Every Christmas Eve we attend the mandatory church service.  (Mandatory in my own head.) We listen as  we clutch our candles and try to follow along in the hymnal.  Soon, candle wax drips past our knuckles.  It hurts, I won't lie, but we press on.

Then suddenly, the clouds part and they begin to sing Oh Holy Night.  (people- not the clouds)  Everyone stops and listens.  Moved into an abyss, we no longer feel the pain of hot wax.  


Next time you hear this song- I ask you to really listen to every note.  Hopefully you'll hit one of the good versions.  Whomever wrote this song was a musical genius.   A genius I say!  They had the power to truly capture the moment.  When I listen to the song, I actually feel the power of the night that the Savior was born.  I'm there.  What talent to have captured that.
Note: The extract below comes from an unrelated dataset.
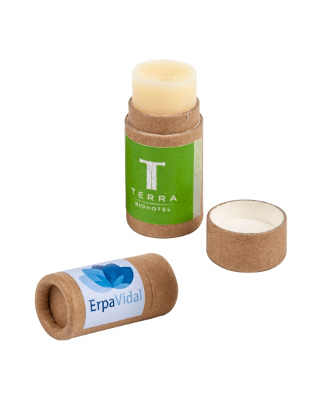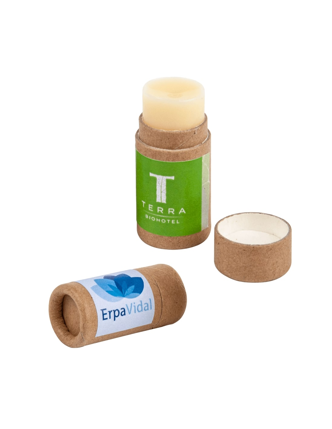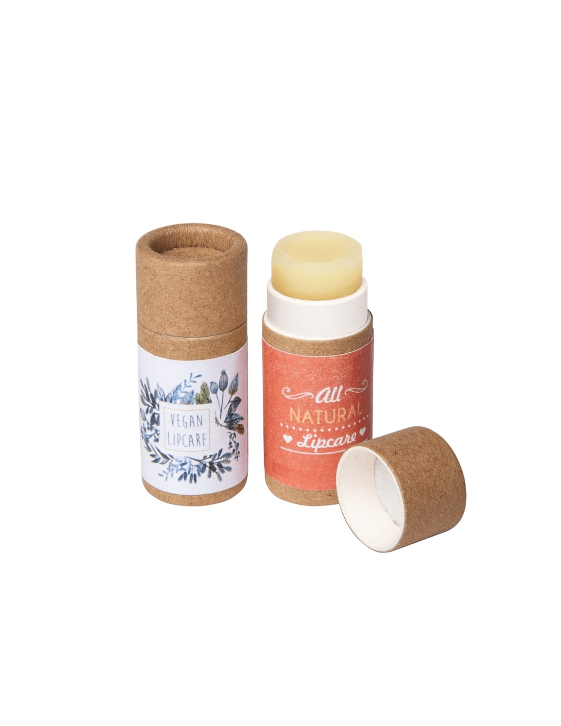 Baume à lèvres conditionné dans un petit tube écologique en carton.

Another stroke of genius is The Trans-Siberian Orchestra.  If you've never been to one of their concerts- I would highly recommend it.  And I don't recommend a lot of things.  Okay, that's a lie.  But there is something incredible about this musical revelation.  What they have done to our traditional sounds of Christmas has carried them to the 21st century on a 737 vice a camel.  Incredible.

Finally, there is just one other song that holds that kind of power.  It is our National Anthem.  Francis Scott Key was so eloquently able to echo his undying love for his country in the simple words and music that compose the most important song to Americans.  In it, I can actually feel his pride and patriotism.  I get goosebumps.  And I am moved.  I suddenly want to drive a tank, jump out of a plane, and fly Old Glory from the highest mountain.  In that order.


Art continues to amaze me. The perfect story.  The perfect song.  A captivating painting or photo.  A sculpture.  It can change people.  It can move mountains.  It can be passed on for generations and not to lose- but only improve it's meaning and power to all that will listen with an open heart.
 

What part of art captivates you?  In what way does it do that?